In post-implantation mammalian embryos, pluripotent cells in the epiblast give rise to primordial germ cells (PGCs). Germ cells undergo several changes in their epigenetic profile during the different stages of meiosis. PGCs enter mitotic arrest in males, whereas PGCs are arrested in prophase of meiosis I in females. Global nuclear remodeling occurs in haploid round spermatids, although some histone marks, such as H3K9me2, on the inactive X chromosome are retained (107,108). The testis-specific linker histone variant H1T2 appears at this stage and plays a crucial role in chromatin condensation during spermiogenesis (108). Later, the linker histone variant HIls1 (histone-1-like protein in spermatids 1) is expressed in elongated spermatids. In the histone-protamine exchange process, nuclear histones become hyperacetylated during spermiogenesis and disassemble shortly thereafter, replaced by transition proteins (TP1 and TP2). In the final stage of spermiogenesis, the transition proteins are removed and replaced by protamines (109). The incorporation of protamines into sperm chromatin induces DNA compaction, which is important for the formation of spermatozoa and for providing a safe environment for the genome.
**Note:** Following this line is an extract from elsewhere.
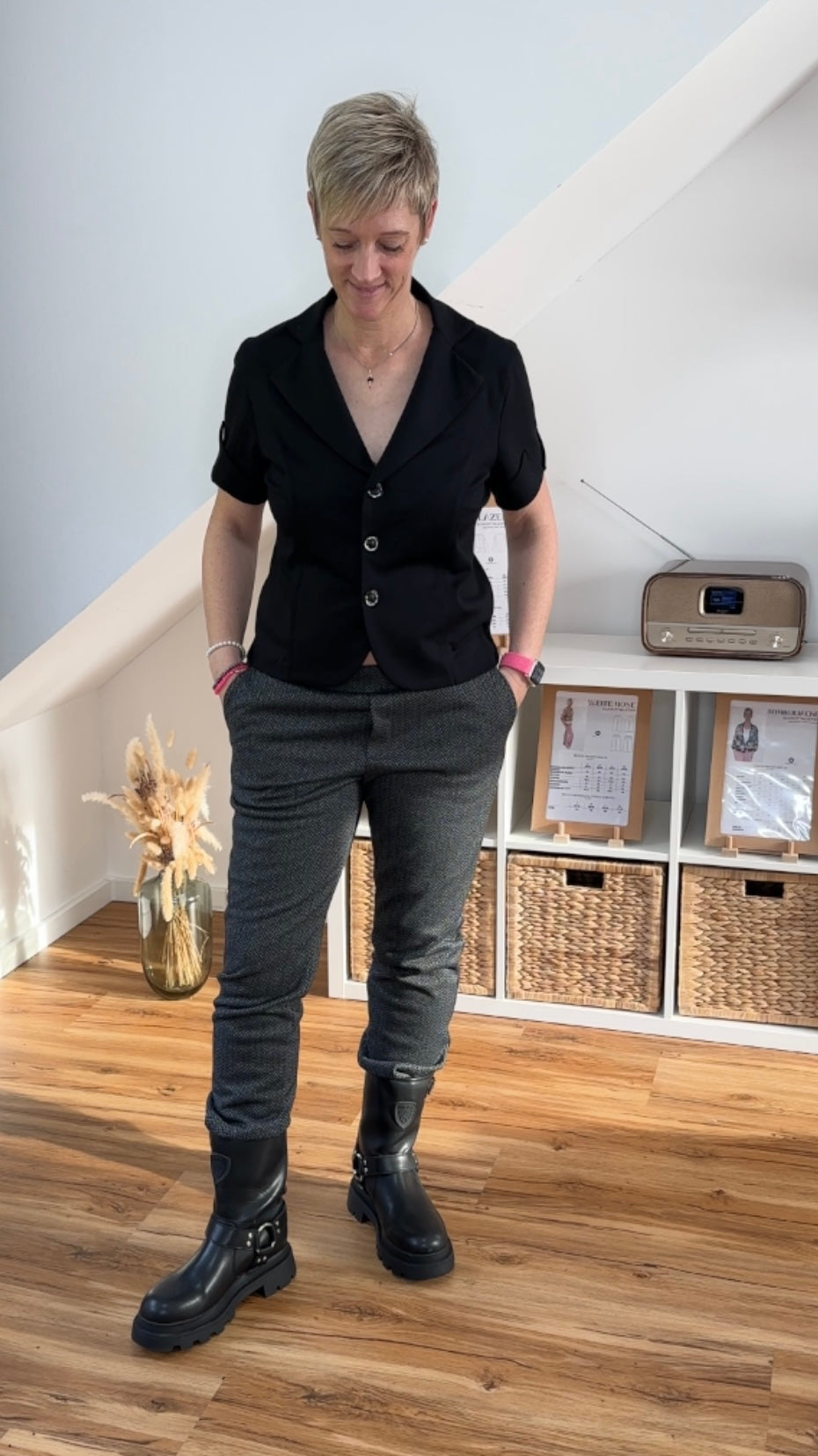 Nina von fashion_DIY.de hat unseren Bonded Doubleface als ihre 'Schmale Hose' und ihren 'Normaler Blazer' verarbeitet! Entschieden hat sie sich für das Fischgrätdesign in Silber für den bequemen Hosenschnitt und den Hahnentritt in Silber für ihren Blazer! Entstanden sind zwei Kleidungsstücke, die sowohl edel als auch lässig kombiniert werden können und somit für viele Anlässe passend sind!

The presence of somatic-like chromatin in the sperm nucleus could transmit different epigenetic information to offspring. Oakes et al. (110) suggested that the genome-wide DNA methylation pattern observed during spermiogenesis changes little after the pachytene spermatocyte stage.
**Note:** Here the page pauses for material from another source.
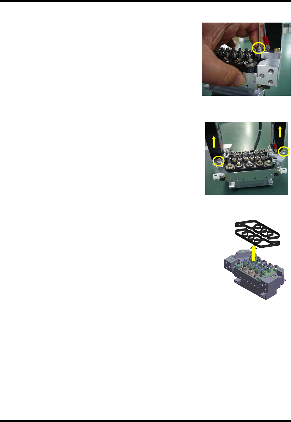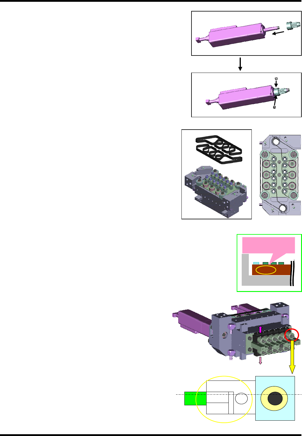 NPM 服务手册 4.5 12 吸嘴头 EN1SCC-83-050-B0 4.5-1 1 6. 交换 θ 电机 / 皮带。 安装 θ 电机的滑 轮。 安装皮带。 安装 θ 电机。 绷紧暂时张力。 = 注意 = 应将支架的 L 侧向外侧 ,绷紧皮带。 A BC ※请注意不要将文字 颠倒 = 注意 =

Many epigenetic modifiers, including DNA methyltransferases, histone modification enzymes and their regulatory proteins, play essential roles in germ cell development. Some of these modifiers are specifically expressed in germ cells, whereas others are more widely expressed. The crucial roles of germ-cell-specific genes, such as Dnmt3L and Prdm9, were revealed by conventional knockout studies (111-113). A recent report showed numerous intra- and inter-individual differences in the DNA methylation of human sperm samples, which could contribute to phenotypic differences in offspring. Furthermore, it has been reported that sperm samples from oligospermic patients often contain DNA methylation defects at imprinted loci (114,115). Kobayashi and his associates reported methylation defects in 17 of 78 embryos conceived by ART. He found that seven of these 17 embryos had inherited these altered methylation patterns paternally, while the rest were believed to have resulted from the ART process. The altered hormonal milieu associated with ART and the retrieval of epigenetically immature oocytes may result in an increase in epigenetic/imprinting defects in children conceived through ART.
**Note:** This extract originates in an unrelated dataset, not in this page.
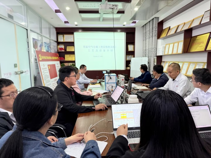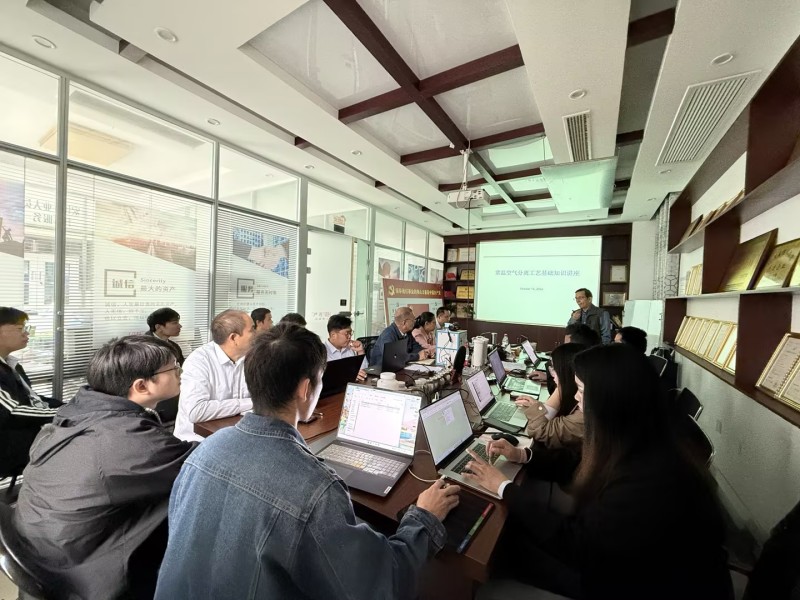培訓(xùn)中,沈老師簡要介紹了本次培訓(xùn)的目的,并結(jié)合氣體設(shè)備市場,重點(diǎn)介紹了常溫空氣分離工藝基礎(chǔ)知識(shí)、常溫空氣分離(變壓吸附及膜)工藝及設(shè)備、碳分子篩及變壓吸附制氮技術(shù)、壓縮空氣膜干燥工藝及設(shè)備等知識(shí),通過深入淺出的現(xiàn)場講解和提問方式,鼓勵(lì)學(xué)員們主動(dòng)思考、積極發(fā)言。

Imprinting errors in the developing fetus have been identified and shown to cause severe pathologies. Evidence suggests that Prader-Willi syndrome (PWS) and Angelman syndrome (AS) arise from the functional loss of several paternally expressed genes. The Prader-Willi/Angelman imprinted domain on human chromosome 15q11-q13 is regulated by an imprinting control regions (ICRs). Imprinting defects affecting the PWS/AS region can arise from the failure to demethylate the PWS-SRO in the male germ line, the failure to methylate the maternal PWS-SRO, or the failure to maintain PWS-SRO methylation after fertilization (116). Some studies have also suggested that the use of ART increases the risk of imprinting diseases, as the germ cells of infertile couples are prone to epigenetic instability. A pattern of decreased genome-wide methylation in sperm has also been associated with poor embryo quality in rats and decreased IVF pregnancy rates in humans (117). Benchaib et al. (117) used 5-methyl-cytosine immunostaining as an indicator of the genome-wide methylation pattern in sperm. He showed that decreased global methylation in semen samples from normozoospermic men was related to a poor pregnancy outcome from IVF (118), suggesting that global methylation status independently affects embryogenesis. Both the complex path of sperm production and the delicate balance of epigenetic and genetic factors during sperm maturation contribute to the formation of a mature sperm with the ability to fertilize an oocyte and contribute to the developing embryo. It has been proposed that the level of DNA methylation in human sperm could be linked to their ability to initiate a pregnancy in an assisted reproduction procedure (118). A defect at any one step may manifest as a syndrome of male infertility.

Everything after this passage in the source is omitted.